For a few seconds nothing happened. Then a chunk of solid material levered up from the strange contraption. It swept through the air, growing as it moved. In a moment it was extending over the
edge of the crevasse.
Kate and Lou looked on astonished.
‘Nanotechnology is a wonderful thing,’ Milford commented dryly.
The ladder grew before their eyes, stretching rapidly across the opening. After a few moments it stopped extending and lowered slowly into place on the ocean floor beyond the far side of the
crevasse. The end of it was just out of sight.
‘I’ve never seen anything like that!’ Kate exclaimed.
‘It’s pretty cool,’ Milford replied. ‘You two ready to crawl across?’
‘I guess,’ Lou responded.
‘Think of it as a normal ladder laid flat. Don’t look down. Just keep focused on the far end.’
She paused for a moment and opened the link to the control room on the surface.
‘Armstrong?’
No response.
‘
Armstrong?
This is Commander Milford. We have established the nano-carbon bridge and we are about to cross the crevasse.’
Nothing.
‘
Armstrong?
Captain Derham? Come in.’ She glanced at the two scientists.
Then a sound, an electronic hiss.
‘That’s odd. The line is still open.’
She gave up and stepped onto the end of the ladder, found her centre of gravity and started to move forward. ‘We have to go one at a time. Kate . . . wait until I reach the far side and
come after me. Lou . . . you go last.’
He checked his watch. They had been out for twenty-nine minutes fourteen seconds.
Looking up, he watched the commander scramble along the extended ladder. The structure was absolutely rigid. Milford moved fast. In a minute she had traversed the span and was standing up on the
other side. They could just make out the shape of her LMC suit. When her voice came over the comms she sounded slightly out of breath.
‘Made it. Kate, you go . . . keep staring ahead.’
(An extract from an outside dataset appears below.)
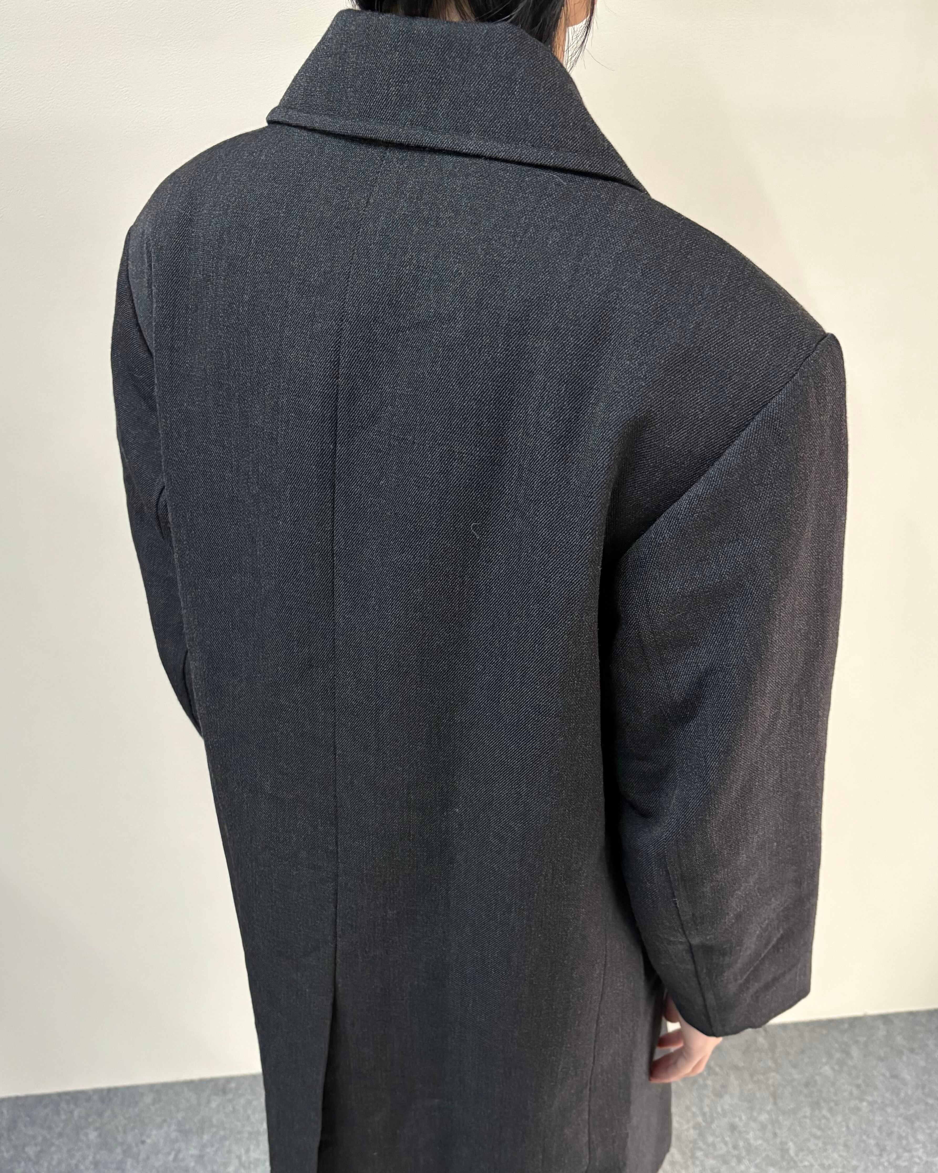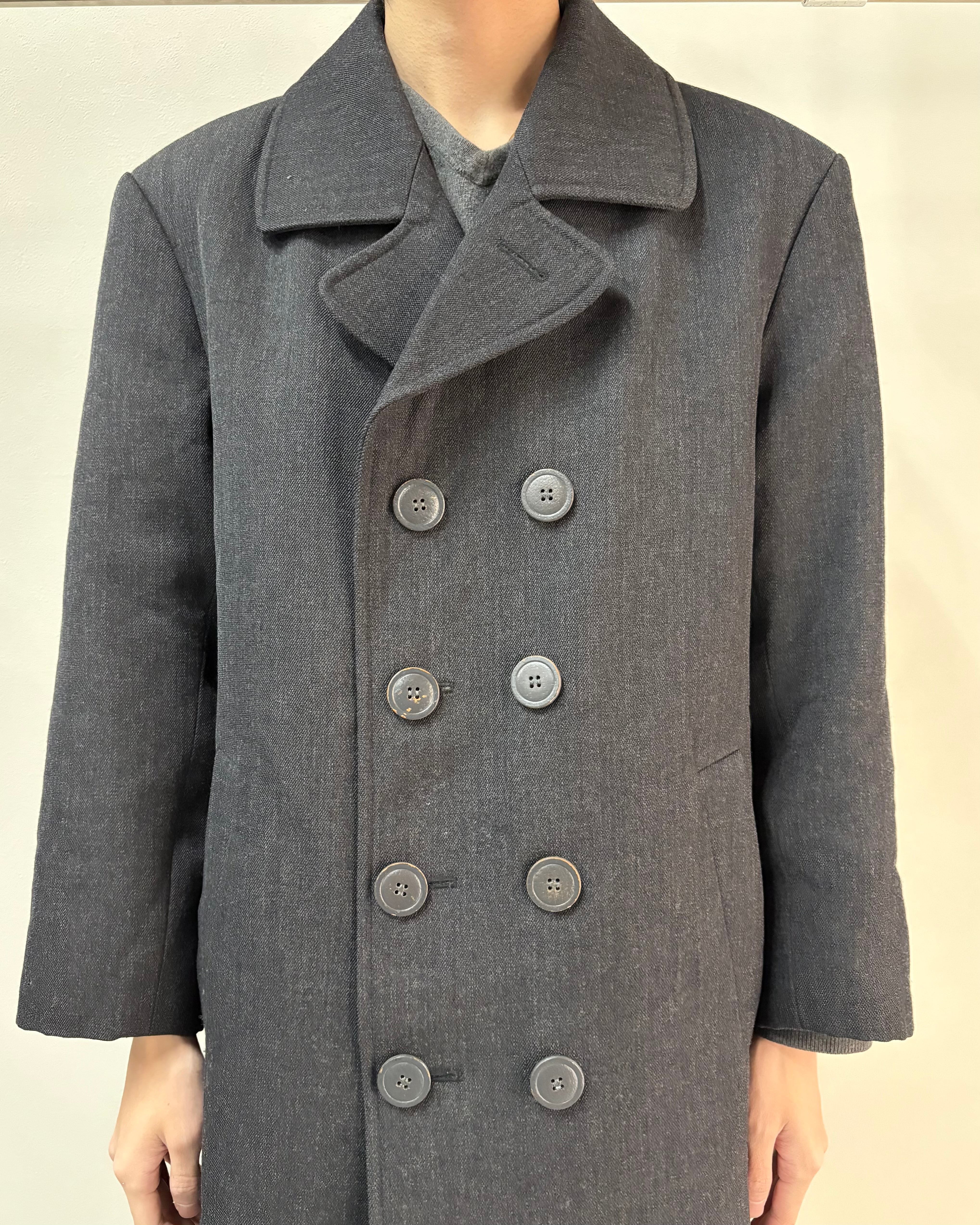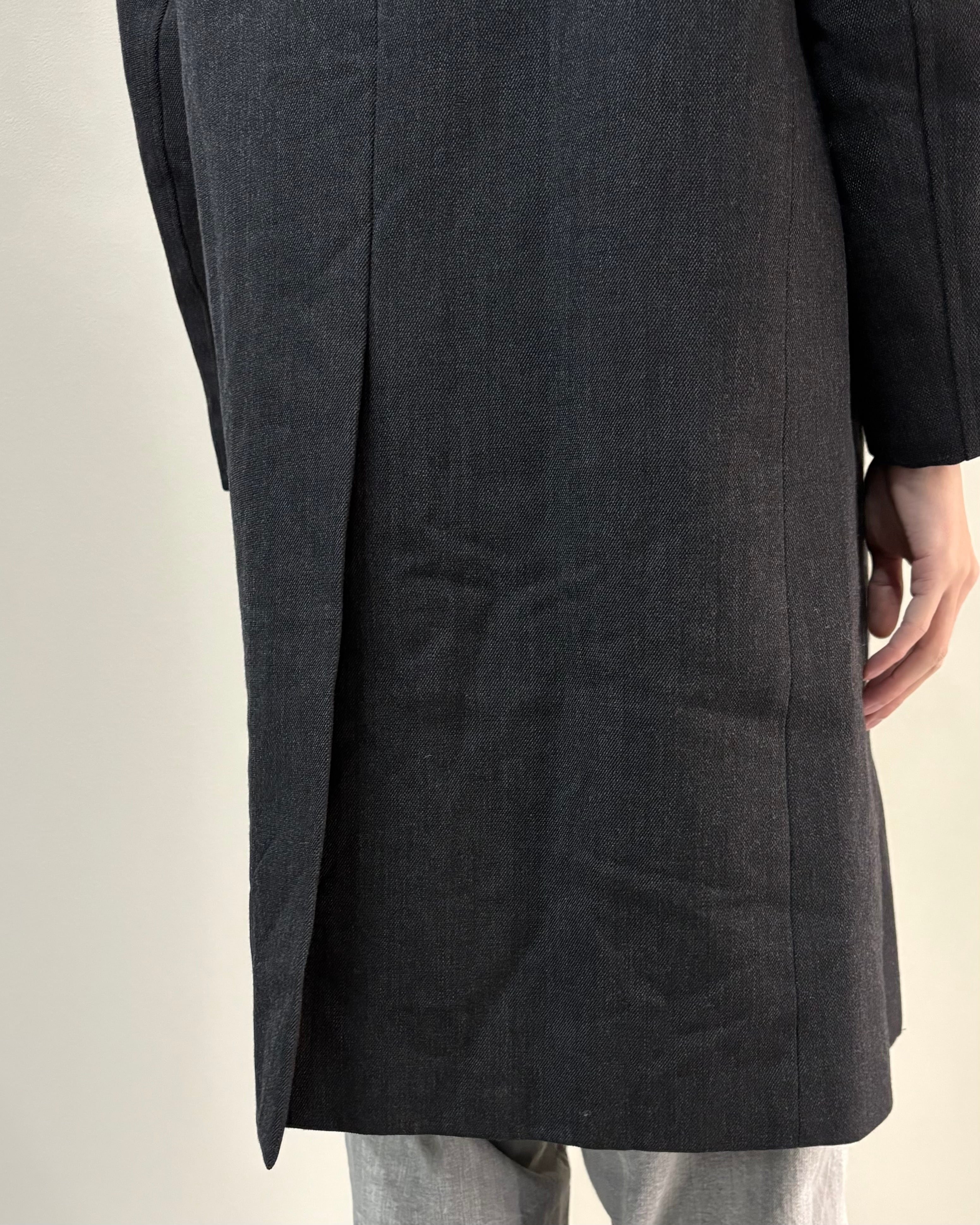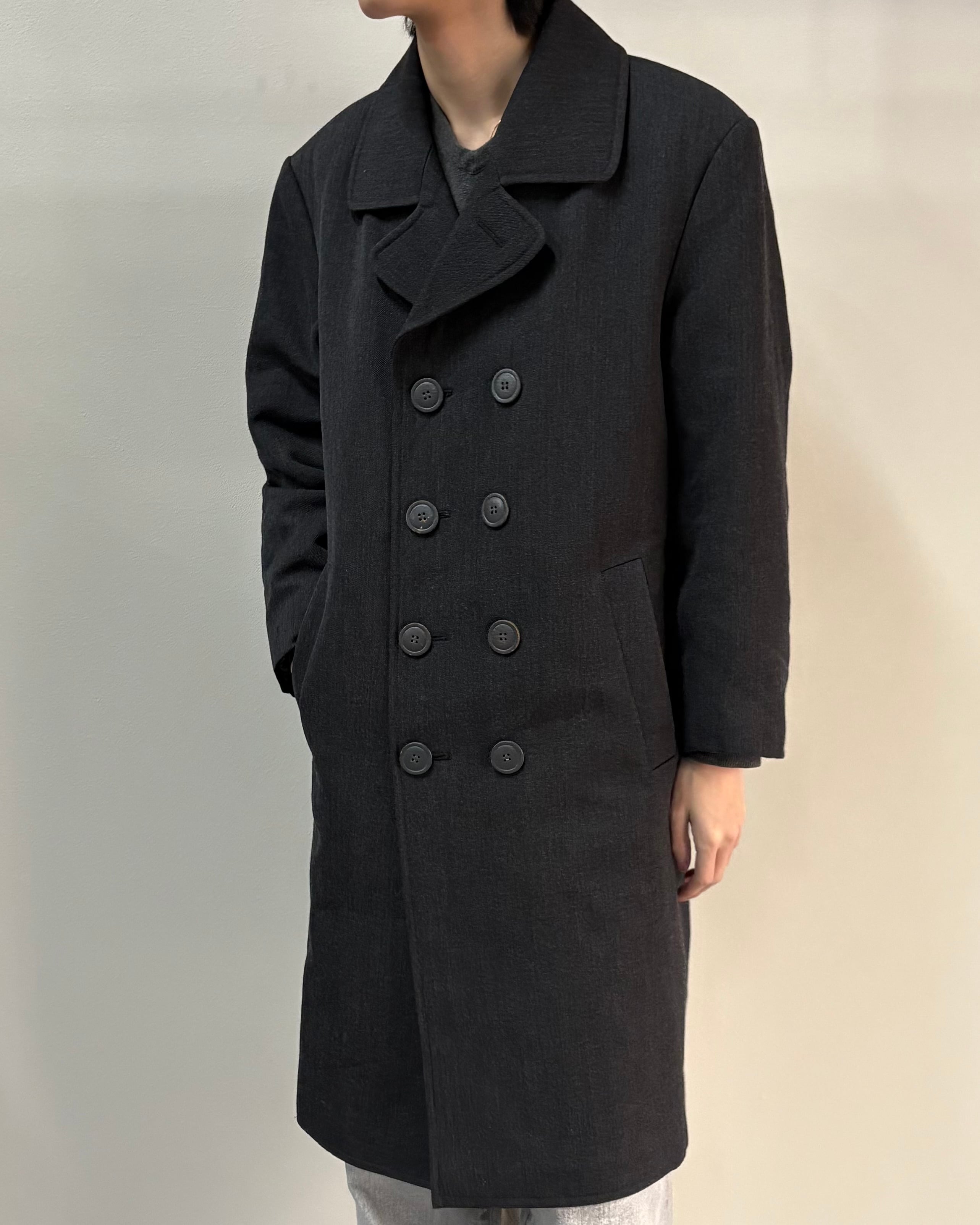 ドリスらしい端正なテーラリングが際立つダブルブレストウールコート

She stepped onto the ladder, crouched and gripped the first rung with both hands. Half a dozen steps on, she started to move out over the blackness of the ravine. Staring straight ahead, she
scrambled forward with surprising speed, one hand over the other, a bit like a kid in a playground, her boots finding purchase and propelling her forward through the water.
‘Almost there,’ she declared, and with a last rush forward she was on the far side of the chasm straightening up.